- **MATERIAL FOR THE TASK**:
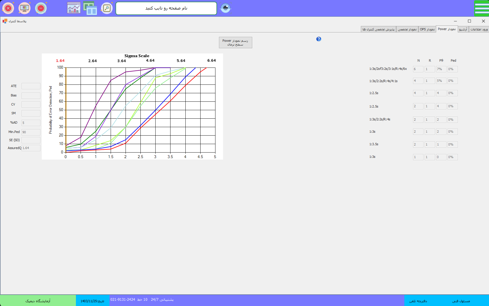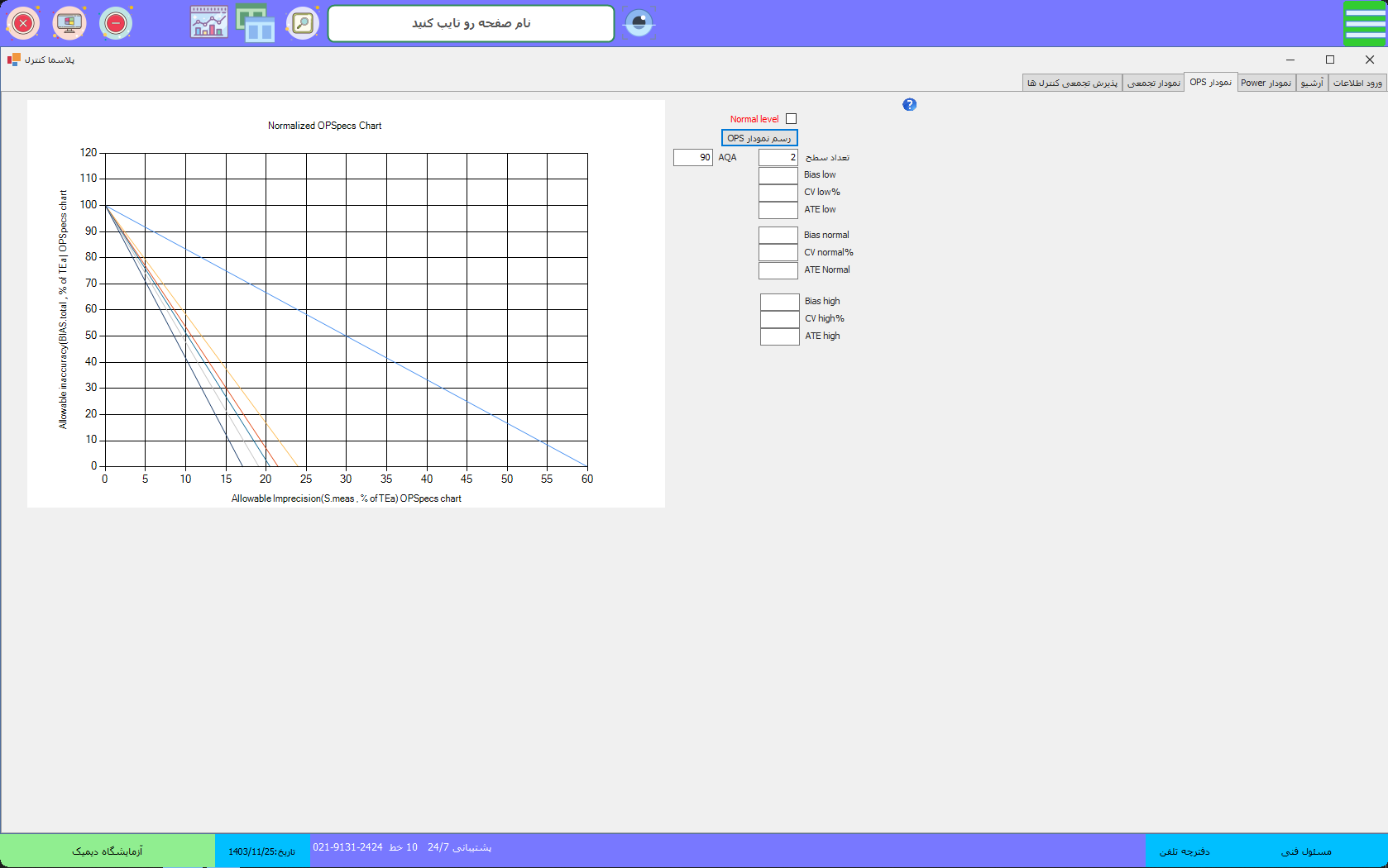 منوی جامع کنترل کیفیت این نرم افزار دارای بخش های متنوع جهت دردسترس بودن و کاربر پسند بودن طراحی شده است . در بخش کنترل کیفیت روزانه بخش ها، شما میتوانید عیار سیگما ، مقایسه خطای مجاز آزمایشگاه خود و خطای مجاز قابل قبول ، مقایسه خطای کل مجاز و خطای کل مجاز قابل قبول و خطای سیستماتیک و تصادفی سنجش های خود را محاسبه و مشاهده کنید.
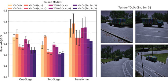 Figure 6 provides a bar chart summarizing the average AP@0.5 scores for each texture across these model categories. Our findings showed that optimizing adversarial textures on a combination of models from different architectures and sizes yielded the best transferability. Specifically, the texture optimized on the combination of YOLOv8n, YOLOv5m, and YOLOv3 achieved the lowest average AP@0.5 of 0.0972 across all tested models. This is more than 0.11 less than single-model textures (0.1148 less than YOLOv8n and 0.1480 less than YOLOv8x).
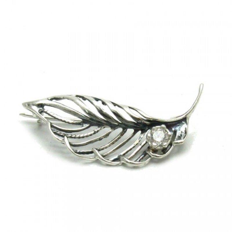 925 prooviga hõbepross. Väike valge tsirkoon. Ligikaudne kaal 2,3g, mõõt: 3,5x1,5cm.
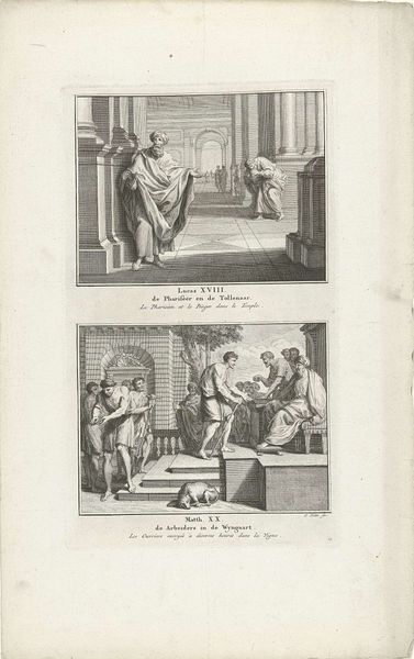 Editor: Here we have Jacob Folkema's 1791 engraving, "Koning Ahasveros woedend op Haman en Mórdéchai wordt beloond door koning Ahasveros," rendered with a beautiful old engraving style. The upper panel depicts anger and fear, while the lower scene is far more ordered. What historical dynamics do you see reflected in this work? Curator: This piece visually narrates power dynamics, focusing on the story of Esther. Think about it: a Jewish woman risks her life to subvert a genocidal plot against her people within the Persian Empire. Folkema’s engraving, produced in the late 18th century, begs the question: What parallels can we draw between Esther's time and Folkema's? How were issues of religious tolerance, gender roles, and resistance playing out in the late 1700s? Consider, too, how the "reward" scene still reinforces a patriarchal system despite Esther's bravery. What does it mean to be 'rewarded' within a system that inherently oppresses? Editor: That’s fascinating. I hadn’t considered how the act of being rewarded can still perpetuate systemic issues. The engraving makes you consider the nuance of such positions. Is Folkema subtly critiquing these power structures? Curator: It’s a valuable question to consider the artist's positionality. Understanding Folkema’s socio-political context—the rise of Enlightenment ideals alongside existing societal hierarchies—allows us to consider a possible commentary. Remember, the Bible has been and continues to be used to argue for the subjugation or emancipation of numerous peoples across gender, race, and ethnicity. Can Folkema be highlighting an inherent hypocrisy in the establishment? What is your perspective? Editor: Thinking about it through that lens definitely changes the impact of the artwork. Thanks for sharing your insight! Curator: It has been great to consider these vital angles alongside you!
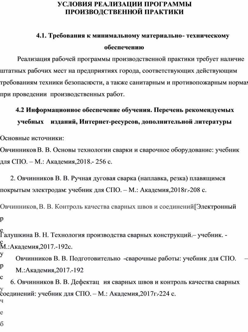 5. Овчинников В. В. Подготовительно-сварочные работы: учебник для СПО. –М.:Академия,2017.-192
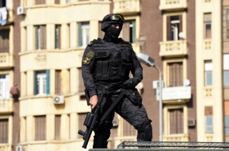 مع صورة لضابط شرطة ملثم يقف أعلى آلية شرطية، ليواجه مظاهرات أطلقها محتجون على صفقة مثيرة للجدل لتسليم جزيرتي تيران وصنافير في البحر الأحمر إلى المملكة العربية السعودية، ...
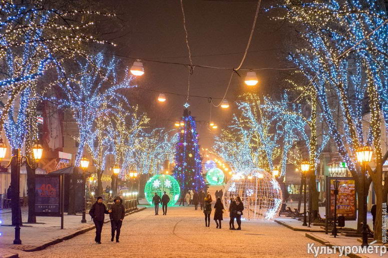 Главная улица Одессы Дерибасовская преобразилась в канун Нового года
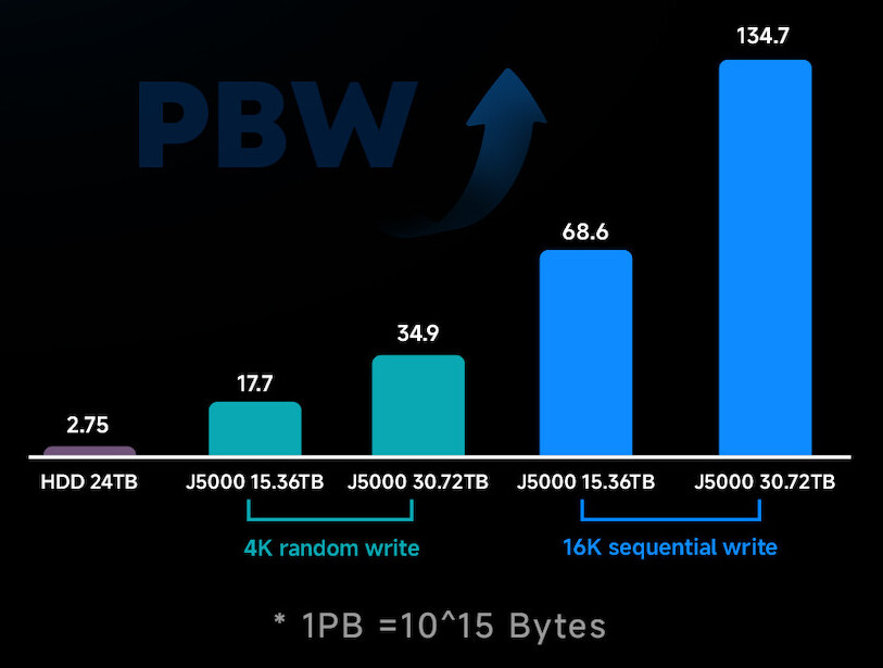 DapuStor QLC SSD J5000 значительно превосходит традиционные HDD по выносливости. В сценариях последовательной записи больших блоков данных 32 ТБ QLC SSD, если записывать его на полную мощность один раз в день, потребуется более 11,5 лет, чтобы достичь своей выносливости.
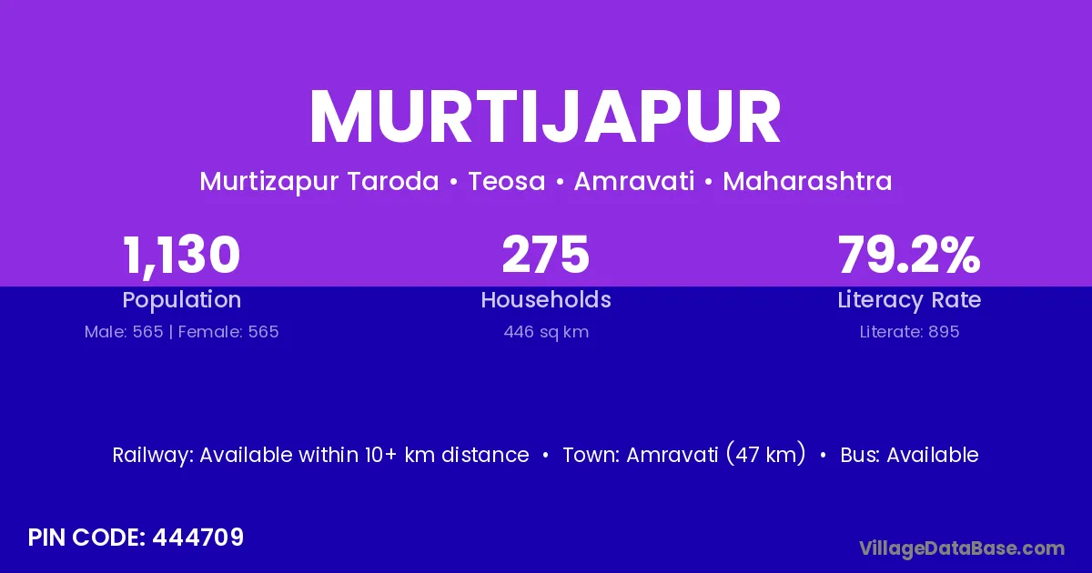 Arvi is the nearest town to Murtijapur village for major economic activities
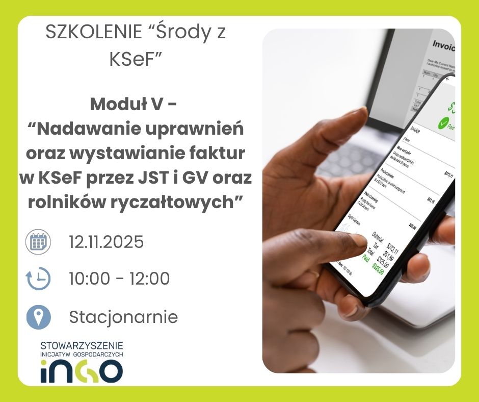 Temat najbliższego szkolenia: „Nadawanie uprawnień oraz wystawianie faktur w KSeF przez JST i GV oraz rolników ryczałtowych”.

- **TASK PROMPT**:
With the pictures removed, return the full listing exactly as given.

- **EXERCISE ANSWER**:
 منوی جامع کنترل کیفیت این نرم افزار دارای بخش های متنوع جهت دردسترس بودن و کاربر پسند بودن طراحی شده است . در بخش کنترل کیفیت روزانه بخش ها، شما میتوانید عیار سیگما ، مقایسه خطای مجاز آزمایشگاه خود و خطای مجاز قابل قبول ، مقایسه خطای کل مجاز و خطای کل مجاز قابل قبول و خطای سیستماتیک و تصادفی سنجش های خود را محاسبه و مشاهده کنید.
 Figure 6 provides a bar chart summarizing the average AP@0.5 scores for each texture across these model categories. Our findings showed that optimizing adversarial textures on a combination of models from different architectures and sizes yielded the best transferability. Specifically, the texture optimized on the combination of YOLOv8n, YOLOv5m, and YOLOv3 achieved the lowest average AP@0.5 of 0.0972 across all tested models. This is more than 0.11 less than single-model textures (0.1148 less than YOLOv8n and 0.1480 less than YOLOv8x).
 925 prooviga hõbepross. Väike valge tsirkoon. Ligikaudne kaal 2,3g, mõõt: 3,5x1,5cm.
 Editor: Here we have Jacob Folkema's 1791 engraving, "Koning Ahasveros woedend op Haman en Mórdéchai wordt beloond door koning Ahasveros," rendered with a beautiful old engraving style. The upper panel depicts anger and fear, while the lower scene is far more ordered. What historical dynamics do you see reflected in this work? Curator: This piece visually narrates power dynamics, focusing on the story of Esther. Think about it: a Jewish woman risks her life to subvert a genocidal plot against her people within the Persian Empire. Folkema’s engraving, produced in the late 18th century, begs the question: What parallels can we draw between Esther's time and Folkema's? How were issues of religious tolerance, gender roles, and resistance playing out in the late 1700s? Consider, too, how the "reward" scene still reinforces a patriarchal system despite Esther's bravery. What does it mean to be 'rewarded' within a system that inherently oppresses? Editor: That’s fascinating. I hadn’t considered how the act of being rewarded can still perpetuate systemic issues. The engraving makes you consider the nuance of such positions. Is Folkema subtly critiquing these power structures? Curator: It’s a valuable question to consider the artist's positionality. Understanding Folkema’s socio-political context—the rise of Enlightenment ideals alongside existing societal hierarchies—allows us to consider a possible commentary. Remember, the Bible has been and continues to be used to argue for the subjugation or emancipation of numerous peoples across gender, race, and ethnicity. Can Folkema be highlighting an inherent hypocrisy in the establishment? What is your perspective? Editor: Thinking about it through that lens definitely changes the impact of the artwork. Thanks for sharing your insight! Curator: It has been great to consider these vital angles alongside you!
 5. Овчинников В. В. Подготовительно-сварочные работы: учебник для СПО. –М.:Академия,2017.-192
 مع صورة لضابط شرطة ملثم يقف أعلى آلية شرطية، ليواجه مظاهرات أطلقها محتجون على صفقة مثيرة للجدل لتسليم جزيرتي تيران وصنافير في البحر الأحمر إلى المملكة العربية السعودية، ...
 Главная улица Одессы Дерибасовская преобразилась в канун Нового года
 DapuStor QLC SSD J5000 значительно превосходит традиционные HDD по выносливости. В сценариях последовательной записи больших блоков данных 32 ТБ QLC SSD, если записывать его на полную мощность один раз в день, потребуется более 11,5 лет, чтобы достичь своей выносливости.
 Arvi is the nearest town to Murtijapur village for major economic activities
 Temat najbliższego szkolenia: „Nadawanie uprawnień oraz wystawianie faktur w KSeF przez JST i GV oraz rolników ryczałtowych”.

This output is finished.